How are these folders stored on the filesystem - Components of an Android Project

How are these folders stored on the filesystem – Components of an Android Project

  The appearance of the files and folders may be different depending on your OS, but the files and folders are the same. Here, you can see several files whose name contains the word gradle. These files are related to Gradle Build tool which is used for building the Android projects in Android Studio. You can read more about Gradle in What is Gradle.

  Now, open the app folder. There are several files and folders here too, but for now ignore them and open the src folder. In the src folder, there are three folders, namely, androidTest, main and test.

Inside the src folder - Components of an Android project

Inside the src folder – Components of an Android project

  Here, the androidTest and test folders contain the files which are used to run tests on the app. The main folder contains the java source code, the resources and the AndroidManifest.xml file.

The main folder

The main folder

  Now, open the java folder. Inside, you’ll find a folder. Open it and keep opening subsequent folders until you reach a folder which contains one or more java file(s). As you’ll find out, there are three or more subsequent folders inside java folder. These folders represent the package name of your app. For example, in this case the folders are like this –

 

com/androidcodebits/calculator

  These folders represent the package com.androidcodebits.calculator. Depending upon the name of the package in your project, the folders may have different names. Inside the last folder i.e. the calculator folder in this case, the java files are stored (as shown in the image below).

The Source Code files

The Source Code files

  Now, go back to the main folder and open the res folder. The res folder looks like this –

The resources folder - Components of an Android Project

The resources folder – Components of an Android Project

  Here, you can see all the types of folders I discussed in the resources folder section above. In the above image, you can see several folders named mipmap. WHY? Why are there so many mipmap folders? Inside Android Studio there was only one mipmap folder, wasn’t it? Well, I have already told you the reason for this. I mentioned above that you need to include images of various resolutions for supporting various screen resolutions and pixel-densities. These five folders store five copies of the same image(s) but in different resolutions. For example, if your app icon is stored in a file named ic_launcher.png, then each of these folders will have a file name ic_launcher.png. But their resolutions would be different.
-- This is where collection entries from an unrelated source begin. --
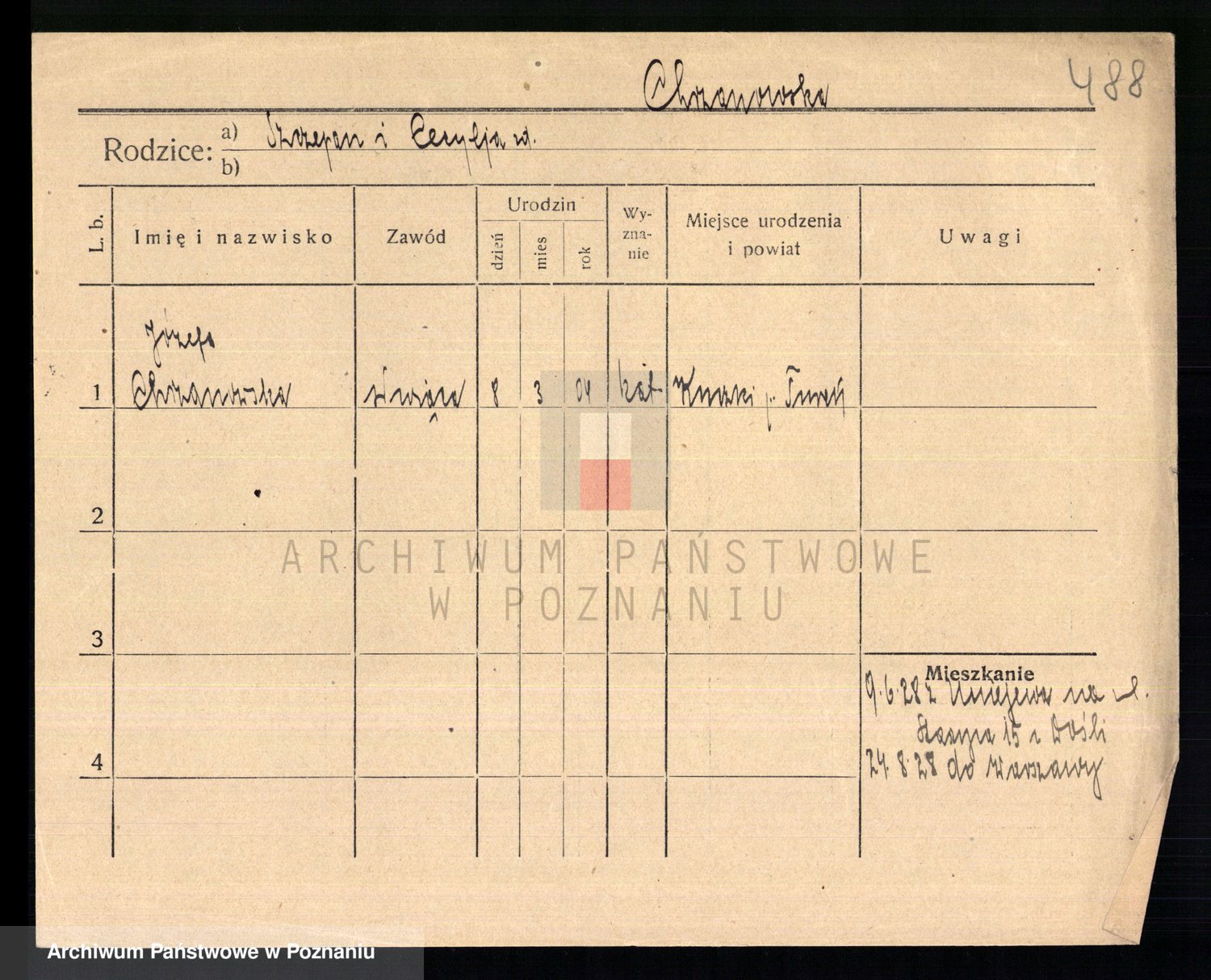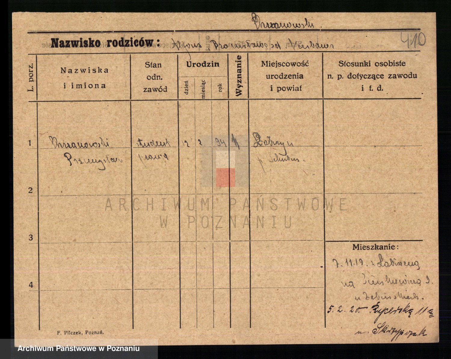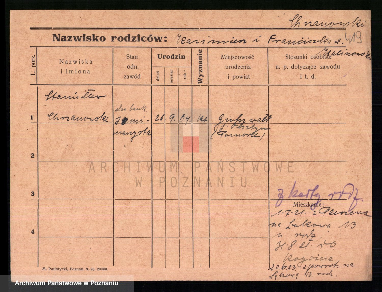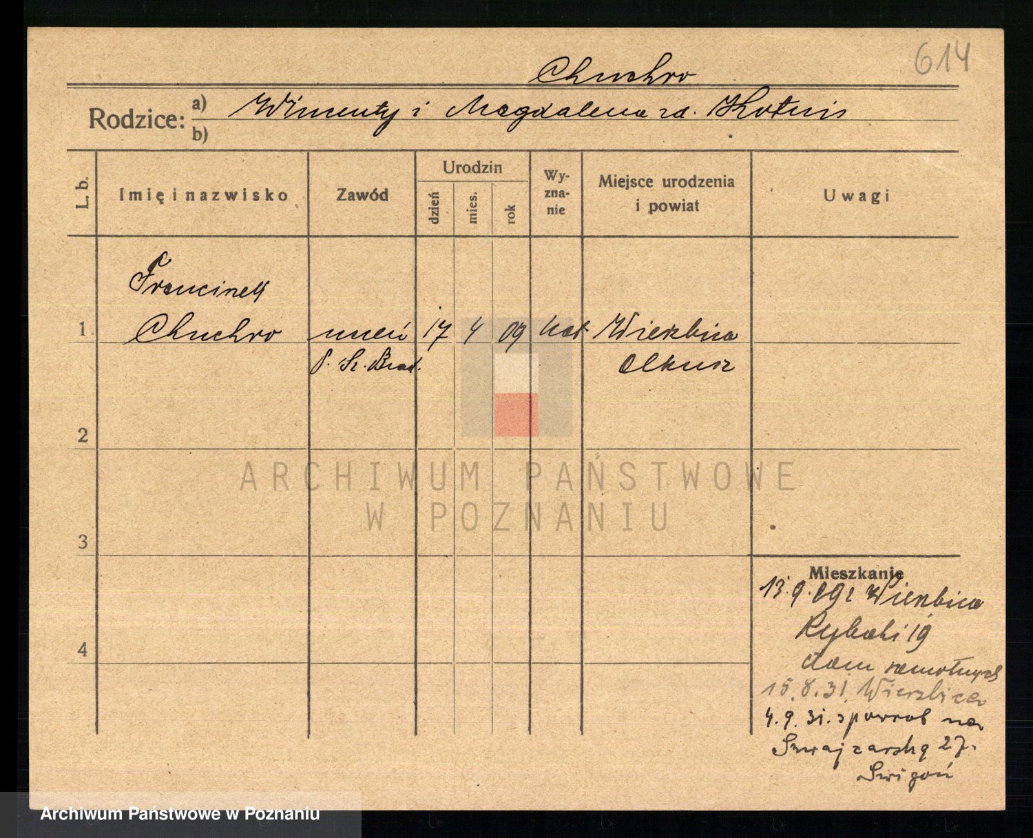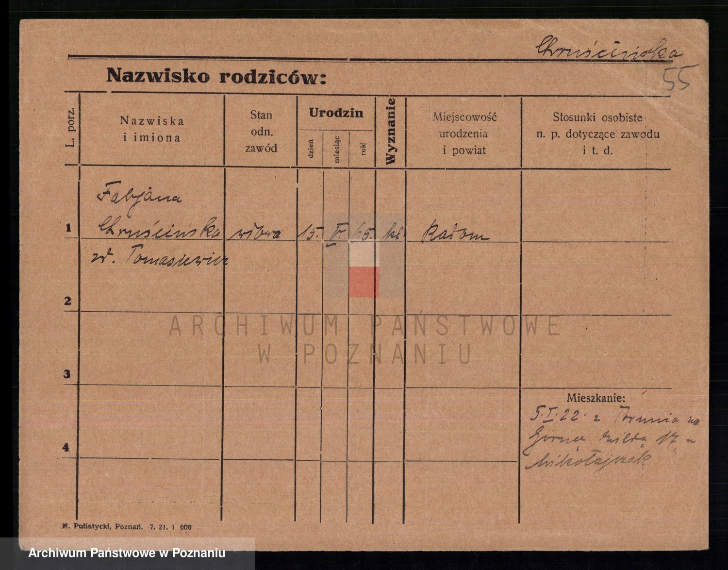 Podgląd karty osobowej dostępny jest po kliknięciu na nazwisko lub ikonkę karty. Można dokonywać powiększenia (ikony na górze) lub przechodzić między kolejnymi skanami (strzałki po bokach).
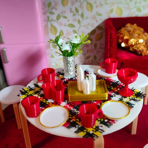 Astiasetti 1:16: 4 valkoista mukia korkeus 9mm, 4*lautaset, valkoinen malja korkeus 15mm, valkoinen maljakko korkeus 8,8mm, 4xtabletti, kynttelikkö, kukkamaljakko. 5e.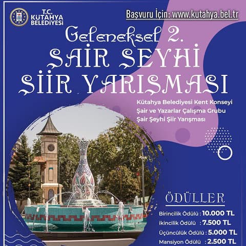 (Ödüllü)Şair Şeyhi Şiir Yarışması KütahyaBelediyesi Şair Şeyhi Şiir Yarışması düzenliyor. KatılımKoşulları: Yarışmaya Türkiye genelinden 18 yaş üzeri herkes katılabilir. Seçici Kurul Üyeleri, Yarışmayı düzenleyen kurum çalışanları ve birinci derecede yakınla...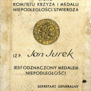 Dokument stwierdzający przyznanie Janowi Jurkowi odznaczenia "Medal Niepodległości" zgodnie z zarządzeniem prezydenta RP z dnia 9 listopada 1932 roku1932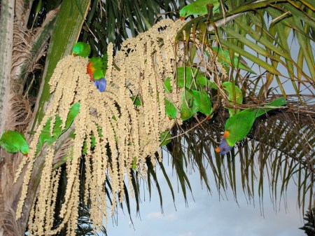 At dawn and dusk all of these pretty little birds called lorikeets would congregate together in the trees and make tons of racket. If you stood under the tree, put your tent under a tree or parked your car under a tree, guaranteed you would get pooped on.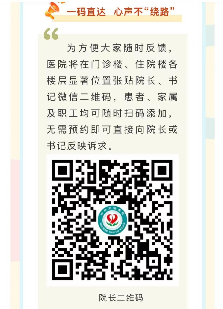 這是新鄭天佑醫院(原新鄭市第二人民醫院)院長微信的個性簽名,醫院在門診樓、住院樓各樓層顯著位置張貼出院長、書記的微信二維碼,患者、家屬及職工均可隨時掃碼添加,無須預約即可直接向院長或書記反映訴求。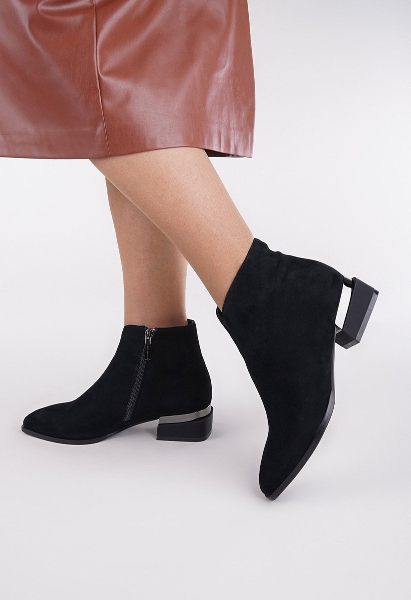 Обзор начинают ботильоны из лимитированной коллекции из замши черного цвета. Эта модель изящно подчеркнет ваш изысканный вкус. Изюминка - составной каблук с металлической накладкой.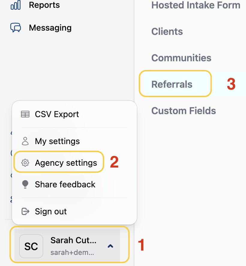 1) Navigate to the Referrals > Agency Setting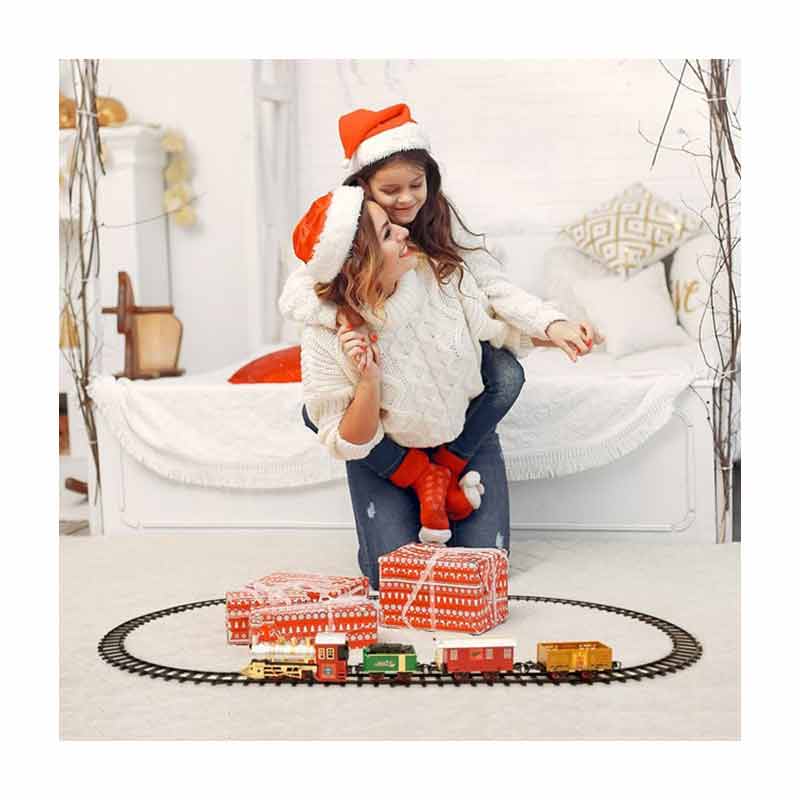 Festively themed, this Christmas Train Set features realistic sounds with colourful carriages that chug along a 3.3 metre track, adding holiday cheer to your decorations with lights and sounds for a magical experience.

The mipmap-xxxhdpi folder will store the image with the highest resolution (192*192 for an icon), the mipmap-xxhdpi will have 144*144, mipmap-xhdpi will have 96*96, mipmap-hdpi will have 72*72 and finally, mipmap-mdpi will have the image with 48*48 resolution. If you have multiple images, then each image will have one file each in each of these five folders.
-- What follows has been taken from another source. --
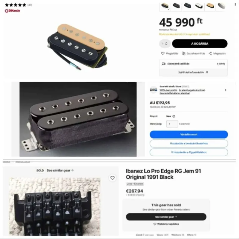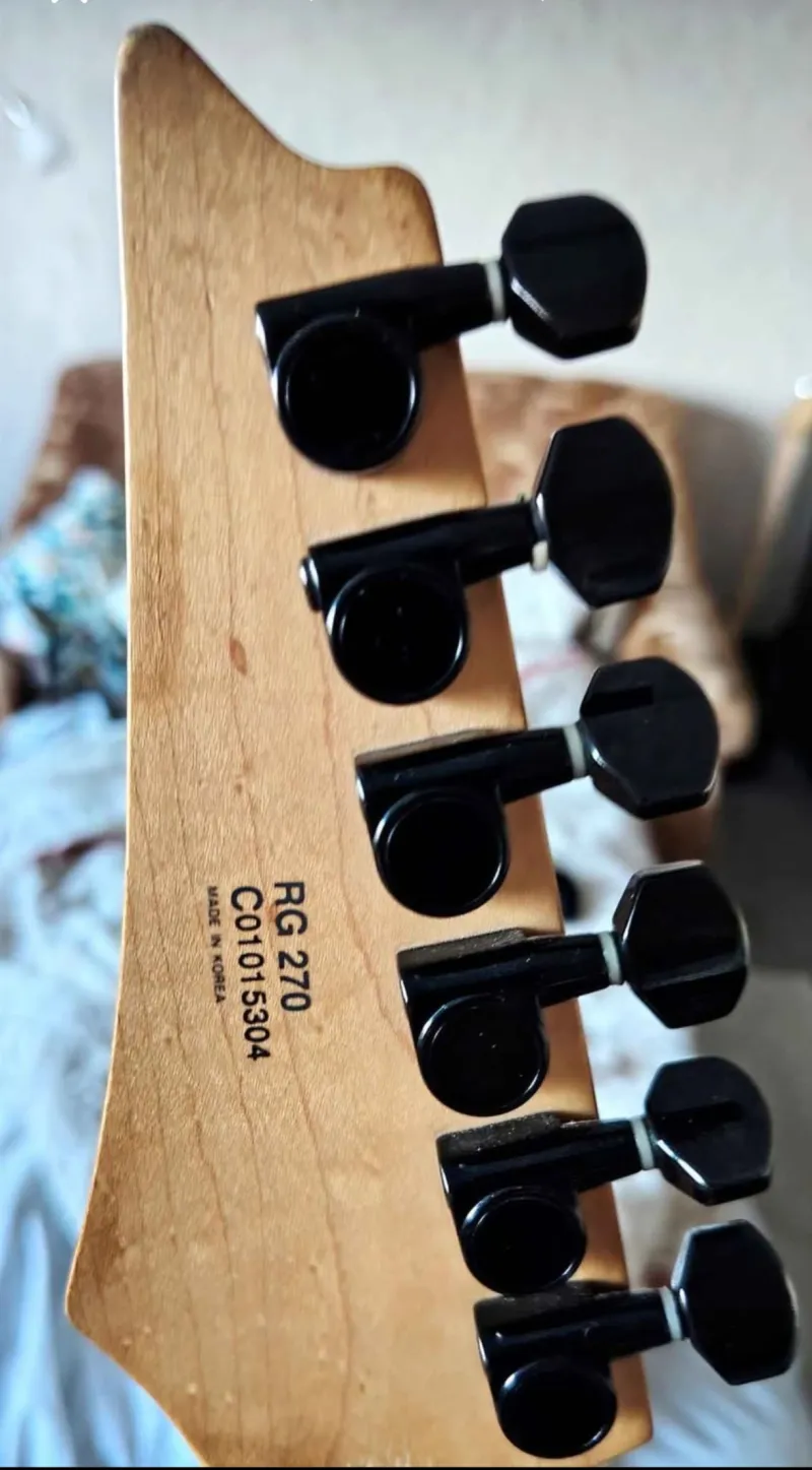Egy korai Rg 270- es, ( koreai), eladó sorba került. A gitár bitangul fel lett turbózva. Kapott egy Dimarzio Air Norton- t a nyakhoz, egy 90- es évekbeli Schallert a hídhoz, ( az amerikai Kramerekben volt ilyen, ma már ritka ,mint a fehér holló, és elképesztő, amit szól), valamint egy Lo Pro Edge teljes tremoló rendszert. Természetesen a kar megvan hozzá, ráadásul a könnyített carbon kar, amivel sokkal könnyebb és kényelmesebb tremolózni. Csak ez a kar 38 ezer a Thomannon. Ezenkívül kapott egy teljes beállítást hangszerésznél, új Elixir 9-42- es húrokkal vihető. Szóval csak a tuningolt dolgok jóval többe kerülnek, mint amennyi a gitár ára...A hangszer szép állapotban van, egy kisebb lakkleverődés van rajta, nem feltűnő helyen.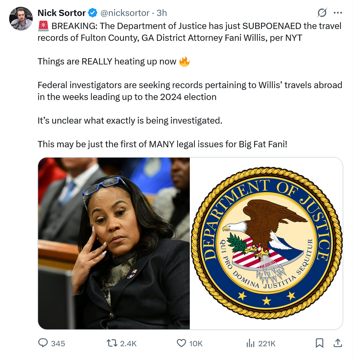 September 16Sep 16 Author Buh bye Fani. Don't let the door slam you in your big fat fanny.Lawfare takes another hit. Hopefully it will soon hit the dustbin of history.https://www.foxnews.com/politics/fani-willis-permanently-removed-from-prosecuting-trump-election-interference-case-after-losing-appealFani Willis permanently removed from prosecuting Trump election interference case after losing appealThe Georgia Supreme Court refused to review her removal over a relationship with the special prosecutor

  Similarly, you see that there are two folders with the name values. The first folder is named values and the second one is values-w820dp. Here, the values folder stores the various .xml files for low-pixel density devices while the values-w820dp folder stores the various .xml files for high-pixel density devices. In this case, high-density refers to the devices whose width is equal to or more than 820dp (device independent pixels). Please note that if an .xml file exists only in values folder and not in the values-w820dp folder, then the same .xml file is used automatically by Android in both cases.
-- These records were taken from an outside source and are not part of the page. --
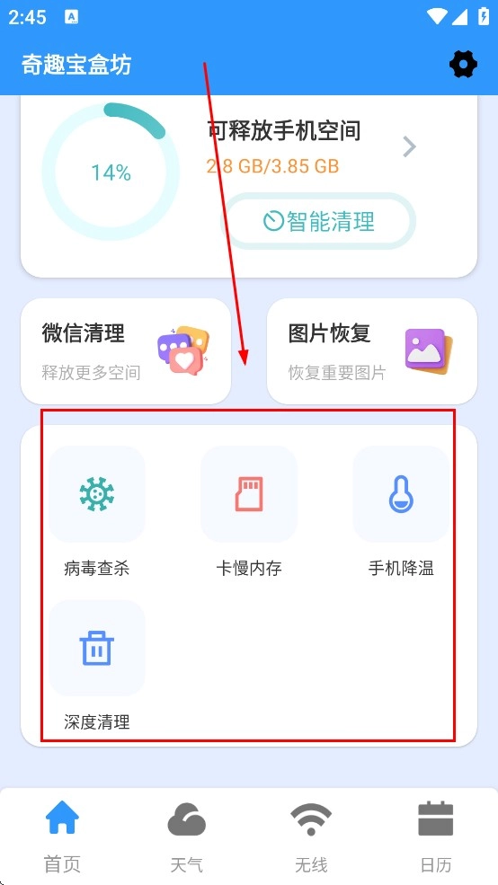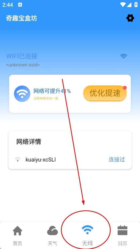 2. 主界面具备多种功能,轻点“无线”选项,就能查看WiFi信息。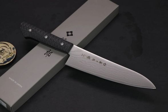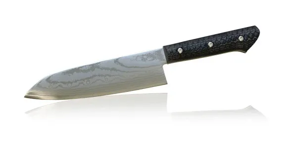 Клинок ножа представляет собой уникальное сочетание технологий. Он изготовлен из ламината, состоящего из сердечника VG-10, известного своей способностью долго сохранять заточку и устойчивостью к коррозии, и обкладок из дамаска, придающих ножу эстетичный внешний вид. Такая конструкция позволяет достичь высокой твёрдости сердечника. Прямые спуски и широкая форма клинка обеспечивают отличное качество реза, а ручная заточка с финишной обработкой 8000 грит делает кромку невероятно острой и устойчивой.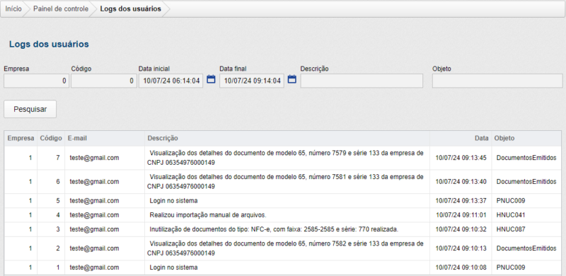 A partir dessa nova versão do InvoiCy, usuários do tipo “Parceiro” podem visualizar os logs de usuários do tipo “Normal”. Essa implementação oferece uma maior visão das alterações que são realizadas na plataforma e pode ser acessada através da tela de “Logs dos usuários”, localizada no painel de controle.

  If you plan to display different layouts on different devices, you’ll have include multiple layout folders, just like the mipmap and values folders as shown in the above image.

  I hope this article on components of an Android project helped you understand the structure of an Android project and the way its various components work. In What is Gradle, I’ve explained the basics of Gradle and the tasks it performs in an Android project.